By Louise Sarant (Egypt independent)
Around St. Catherine’s Monastery, encircled by the high South Sinai mountains, lie hundreds of Bedouin gardens nested in the nearby wadis, or valleys. These gardens, which were initially built during the Byzantine period by monks, hermits and settlers from around the Mediterranean, have been the responsibility of the Jabaleya Bedouins for more than a century.
A severe drought that lasted for years in the peninsula, coupled with an unprecedented amount of precipitation and snow that fell over the mountains early this year, has badly damaged some of these precious shrines to biodiversity.
Because the houses are built of stone and rooftops from a mix of rocks and sand, the continuous rainfall pushed against the roofs, which finally collapsed under the strain.

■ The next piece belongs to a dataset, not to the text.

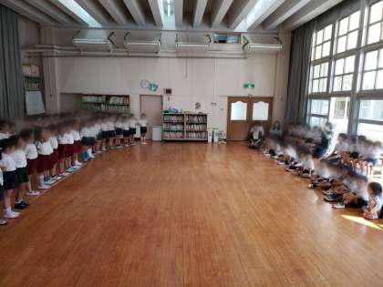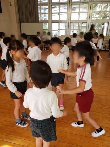 はじめに遊戯室で一緒に歌を歌いました。50名以上の歌声が響きわたり、大勢の友達と気持ちを合わせて歌う心地よさを味わうことができました。
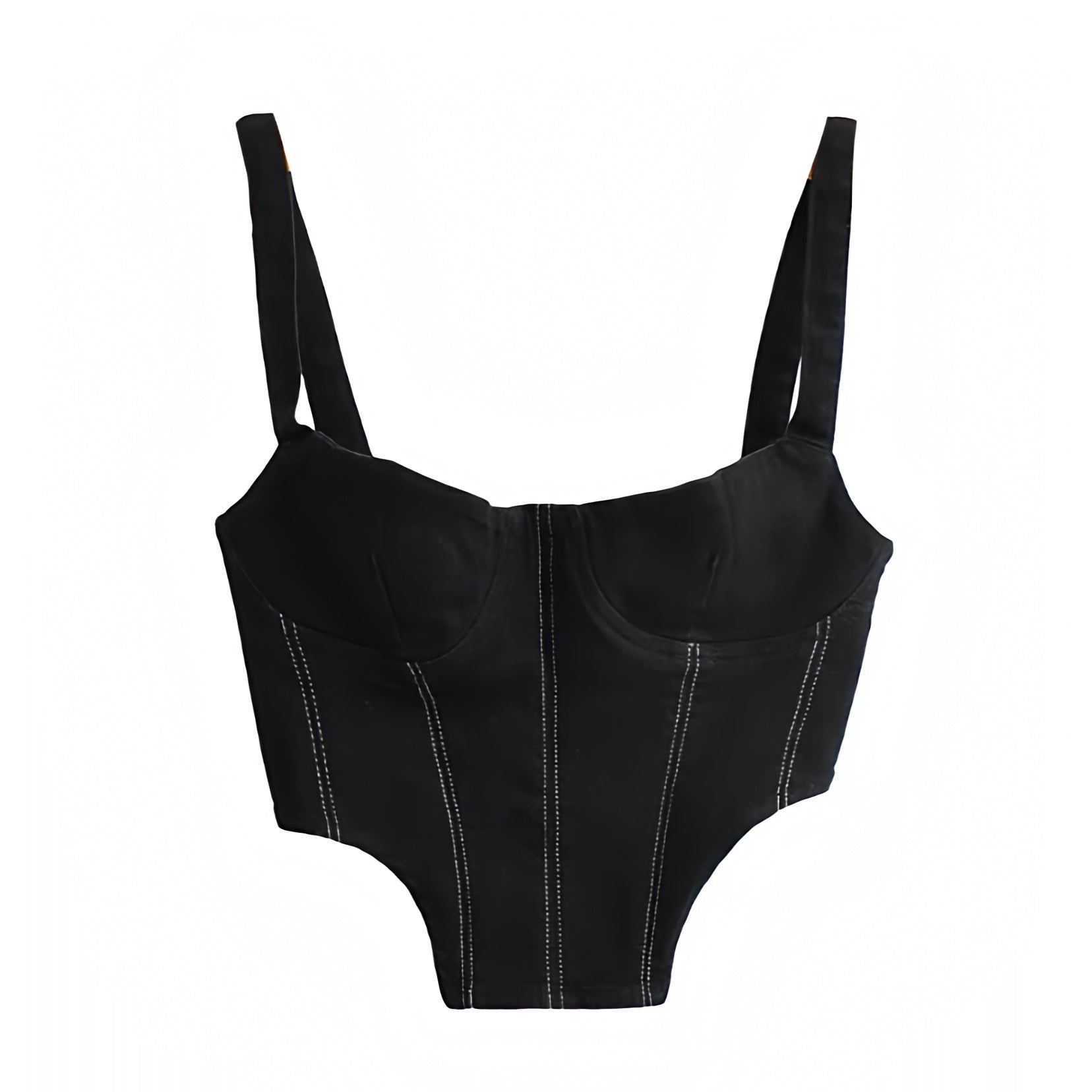 Black Slim Fit Corset Sweetheart Neckline Spaghetti Strap Crop Tank Top Details:

With many Bedouin families relying on these mountain orchards for their livelihood, the collapse of the buildings and fences, and the destruction of the trees was a disaster. To finance the rebuilding of these enclaves, members of the Jabaleya tribe have now launched an alternative tourism project inviting volunteers to participate in restoration efforts.
Entitled “Help Rebuild the Bedouin Gardens and Discover the Sinai High Mountains,” the project is still in its early stages but tribe members plan to bring visitors to the gardens to stay with local families and help with reconstruction work. They will also be asked to provide a donation directly to gardeners to hire workers, buy building materials and cover transportation costs.
“These gardens provide livelihoods for us, as there are no job opportunities in the city,” says Sayed Musa, the Bedouin man from the area in charge of the project, who has 10 years experience as a safari and trekking guide. “The situation for many families is now extremely tense. They have lost all their income and are no longer self-sufficient for food.”